陈青蘅的目光快速扫过走廊,确认环境安全,才重新落回张朔川脸上:“我跟南枝姐请过假了。这段时间,我就在这儿待着。”
“请假?!”张朔川愣了一下,心头瞬间涌上一股复杂的情绪。一方面觉得陈青蘅为了“盯着”自己连本职工作都放下,实在小题大做;另一方面,一股难以言喻的甜意却不受控制地从心底丝丝缕缕冒出来,像细小的气泡轻轻撞击着胸腔。
他强自镇定,清了清嗓子:“……蘅哥,真不用这样。我就在支队里面,有严警官他们在,还能出什么事?你专心做你的事,不用管我。”
陈青蘅不为所动:“我就在外面,带着桔子透透气,绝不打扰你工作。”他轻轻拍了拍张朔川的肩膀,“去吧。”

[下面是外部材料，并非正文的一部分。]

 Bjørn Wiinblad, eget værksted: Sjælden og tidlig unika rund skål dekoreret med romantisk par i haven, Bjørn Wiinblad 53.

张朔川看着他眼中那份毫无保留的守护意味,知道再劝也是徒劳,轻轻点点头:“……那我进去了。”
看着张朔川走进内部通道,陈青蘅才转身走向停车场。
回到车上,桔子立刻兴奋地扑到窗边,尾巴用力甩动,眼神亮晶晶地看着他。陈青蘅打开车门,熟练地给它套上牵引绳,揉了揉它蓬松的脑袋:“走,桔子,你三哥去忙正事了,咱们就在附近转转。”
桔子歪着头,疑惑地看了他好一会儿。为什么爸爸又变回三哥了?
陈青蘅牵着桔子,走向大院一侧相对僻静的空地。
没走多久,桔子就被不远处一个矫健的身影吸引,停下脚步,好奇地朝着那个方向张望。
一只毛色乌黑光亮、体型健硕的德国牧羊犬正随着主人的口令迅捷地完成着穿越障碍的动作,身姿利落,气势十足。

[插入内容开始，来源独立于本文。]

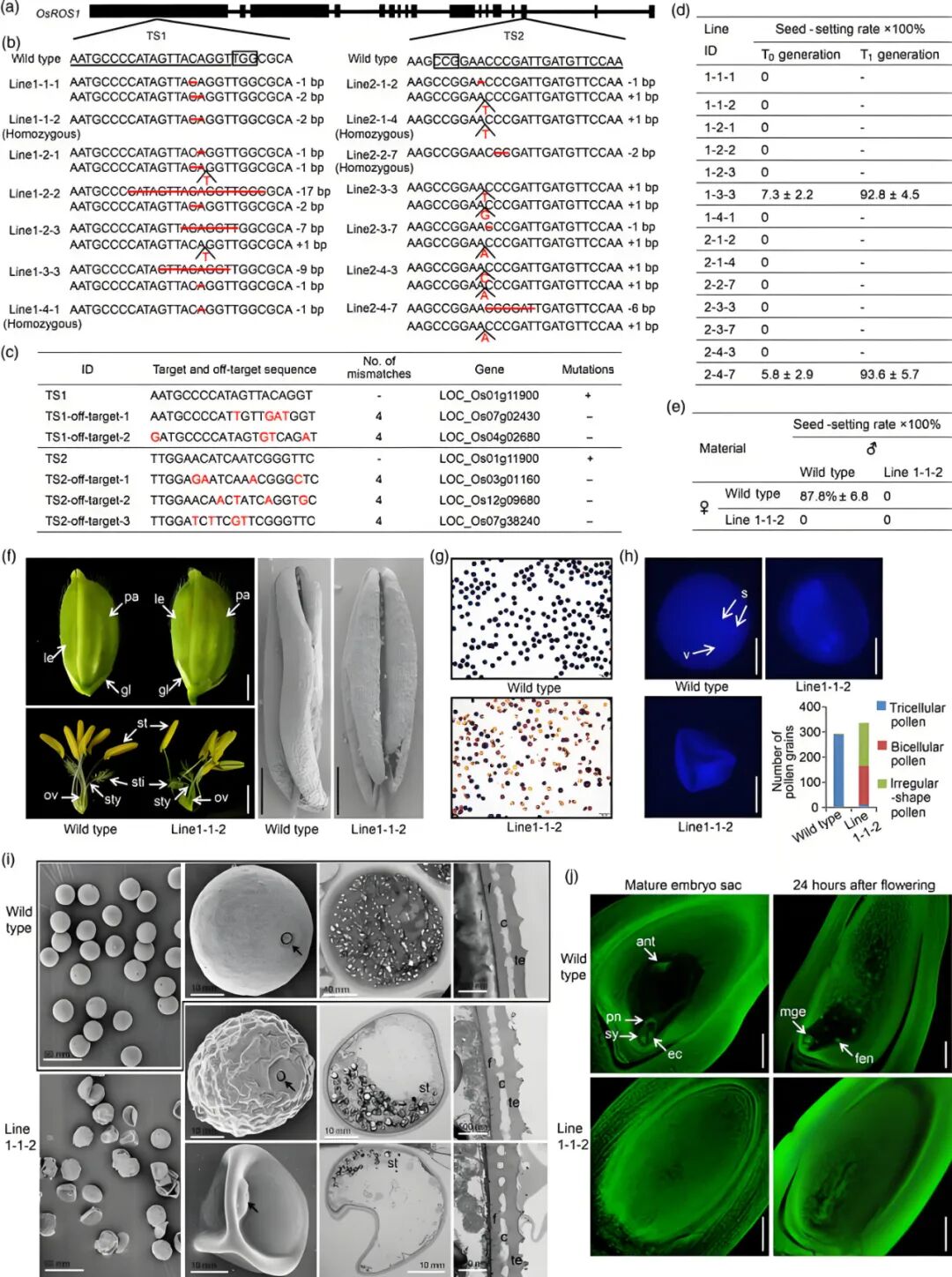 Xu Y, Wang F, Chen Z, et al. CRISPR/Cas9‐targeted mutagenesis of the OsROS1 gene induces pollen and embryo sac defects in rice[J]. Plant Biotechnology Journal, 2020, 18(10): 1999.

“坐!定!”一个穿着作训服、身姿挺拔的青年警官发出清晰的指令。德牧瞬间定格不动,身姿挺拔如同一尊蓄势待发的黑色雕塑。
出于兽医的职业本能,陈青蘅的目光立刻被德牧流畅的动作吸引,尤其是后肢蹬地发力时展现出的爆发力与稳定性。
“警官,您的伙伴后肢力量真棒。”他牵着桔子走上前,“股直肌和臀肌的协调发力非常出色,落地缓冲完美,蹬地瞬间爆发力十足——这在大型工作犬里非常难得。”
宋振阳闻声回头,看到陈青蘅和他身边同样专注的边牧,眼中闪过一丝惊讶,随即化为爽朗的笑意:“行家啊!一眼就看出门道了。”

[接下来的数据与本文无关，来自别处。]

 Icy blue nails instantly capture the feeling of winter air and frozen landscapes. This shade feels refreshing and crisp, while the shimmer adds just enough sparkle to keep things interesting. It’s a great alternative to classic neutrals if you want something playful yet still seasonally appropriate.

他笑着打开门,走到训练区外,主动伸出手:“宋振阳,警犬队训导员。这是我的搭档,雷霆。”
“陈青蘅,兽医,在暖阳动物医院工作。这是桔子。”
两人握手。陈青蘅的目光仍带着专业性的审视在雷霆身上逡巡。
“原来是兽医,难怪这么懂行。”宋振阳恍然大悟,“我们这些警犬常年高强度训练,难免有个跌打损伤、关节劳损,以后有问题能不能向你请教?”
“当然可以。”陈青蘅欣然应允,“说实话,我对专业的警用服从和警戒训练一直很感兴趣。不知道有没有机会在不打扰您工作的前提下,向您讨教一些基础方法?主要是想更好地引导桔子,挖掘它的潜力。”
宋振阳看着聪慧灵动的桔子,爽朗一笑:“没问题!你底子这么好,学起来肯定快。咱们有空多交流,互相学习。”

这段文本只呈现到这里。